Une belle Nénette

Le documentaire
de Nicolas Philibert
sonde les réactions
de l’homme
devant l’animal.

Christophe Kantcheff  • 1 avril 2010 abonné·es

Nénette est une vedette. La vedette de la ménagerie du Jardin des plantes, à Paris. Elle y est arrivée en 1972, en provenance de Bornéo, alors qu’elle avait à peu près 3 ou 4 ans. Ce qui lui fait, aujourd’hui, plus de 40 ans. Un âge cacochyme pour un orang-outan. Nénette est la vedette du documentaire éponyme de Nicolas Philibert. Elle y occupe l’écran du début à la fin, ne le partageant que de temps à autre avec l’un de ses « fils », Tübo, que les responsables du zoo ont laissé à ses côtés pour qu’elle ne soit pas seule. Quand elle ne mange pas un yaourt ou ne fait pas, un peu ralentie, une cabriole avec Tübo, elle est filmée le plus souvent plein cadre, l’air assoupi, une paupière vaguement levée, mais attentive à se qui se passe autour d’elle.

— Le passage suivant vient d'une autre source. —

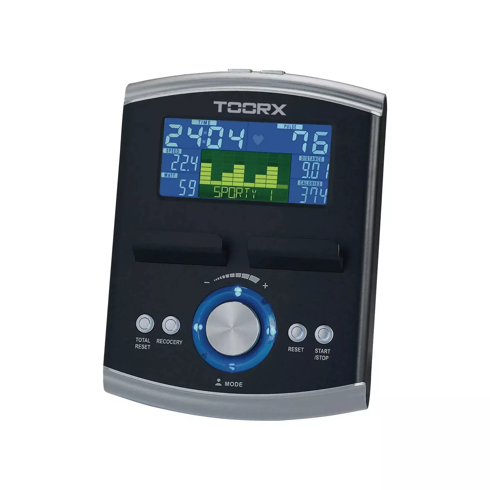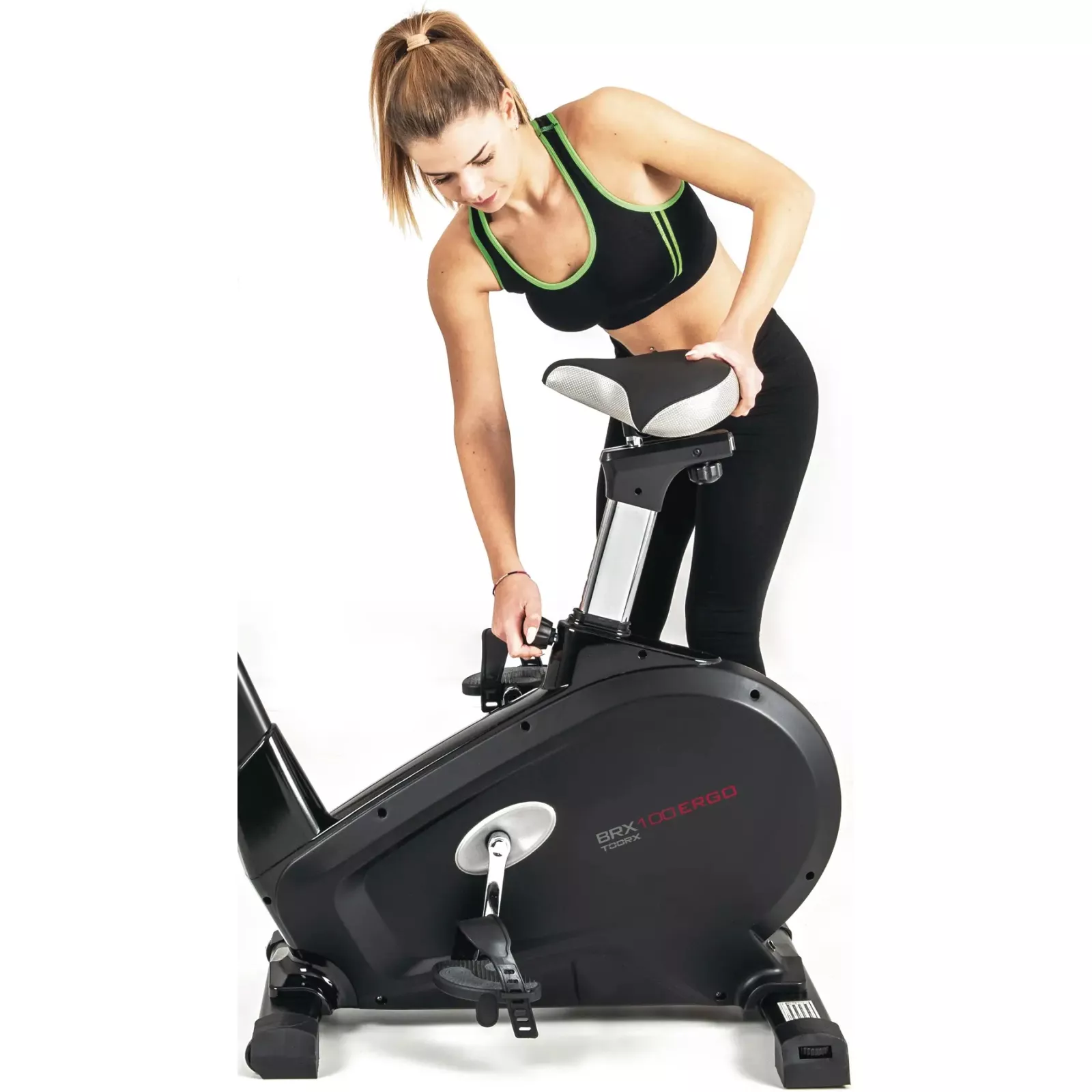 Велоэргометр Toorx Upright Bike BRX 100 ERGO (BRX-100ERGO) из премиальной линейки Chrono Line от итальянского производителя Garlando SpA предназначен для комфортной кардиотренировки в домашних условиях. Тренажер имеет 32 уровня нагрузки, регулируемые с помощью современного компьютера. 14-килограммовый маховик создает отличную плавность хода, снижая нагрузку на суставы и минимизируя риск получения травмы в процессе занятий. Велоэргометр рассчитан на вес до 150 кг и подойдет для пользователей ростом до 2 м. Встроенный приемник для беспроводного датчика (индикатор) измерения пульса будет уместен во время тренировки по одной из четырех пульсозависимых программ. Консоль тренажера имеет подставку для смартфона/планшета и поддерживает Bluetooth для интеграции с популярными приложениями iConsole+ Training, Kinomap и Zwift, которые превратят монотонную тренировку в увлекательный процесс. Сидение велоэргометра регулируется по высоте и в горизонтальной плоскости для индивидуальной настройки, а транспортировочные ролики в передней части тренажера позволяют перемещать его по комнате.

Autour d’elle ? La caméra n’en montre rien. C’est par la bande-son que le hors-champ entre dans le film. Le hors-champ, c’est 600 000 visiteurs dans l’année. Ou, en l’occurrence, un choix de réflexions, très spontanées ou plus élaborées, que des familles, des touristes, des enfants… tiennent devant Nénette. Cette séparation de l’image et du son est la radicale et ingénieuse trouvaille de mise en scène qui fait basculer Nénette du film animalier au film sur l’Homme. Car il ne s’agit pas de ne rien voir de ce qu’on entend. Au contraire, on n’a peut-être jamais aussi bien montré ce que les humains projettent d’eux-mêmes sur un animal. Que celui-ci soit un singe, un orang-outan, augmente l’effet miroir. Seul, peut-être, le romancier Éric Chevillard, dans le drolatique Sans l’orang-outan (Minuit, 2007), y était parvenu, à sa manière.

Hormis les réjouissants éclats de rires enfantins devant les singeries de Nénette et de son fils, les paroles prononcées commentent ou interrogent ce qui se passe derrière la vitre du zoo. Le recours à l’anthropomorphisme est le plus commode, le plus familier, le plus rassurant. Même les soignants, eux aussi hors champ, qui témoignent de leur relation avec Nénette, y ont recours. Nénette est un film à double fond. À la surface, le portrait d’un orang-outan exceptionnel. En sous-main, une invitation au mystère insondable du règne animal.